▶ _Work item_
After counting the lines below that hold the word "Bluetooth", reply with the count and nothing else.

▶ _Record extracts_
<<<<

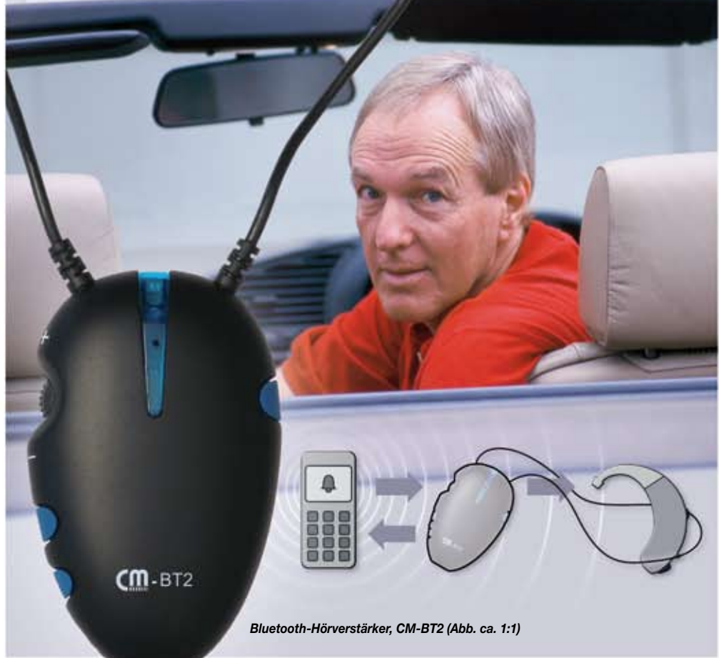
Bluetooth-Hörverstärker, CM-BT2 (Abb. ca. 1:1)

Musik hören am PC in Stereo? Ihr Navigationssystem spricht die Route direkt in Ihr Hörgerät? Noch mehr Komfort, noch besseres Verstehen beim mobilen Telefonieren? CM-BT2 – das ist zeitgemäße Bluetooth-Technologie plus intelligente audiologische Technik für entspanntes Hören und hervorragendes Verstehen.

>>>>
<<<<

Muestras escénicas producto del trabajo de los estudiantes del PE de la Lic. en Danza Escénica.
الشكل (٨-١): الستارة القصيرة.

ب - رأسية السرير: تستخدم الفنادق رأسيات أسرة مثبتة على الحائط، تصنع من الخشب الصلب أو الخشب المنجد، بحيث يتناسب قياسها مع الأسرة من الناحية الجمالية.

>>>>

▶ _Reply_
2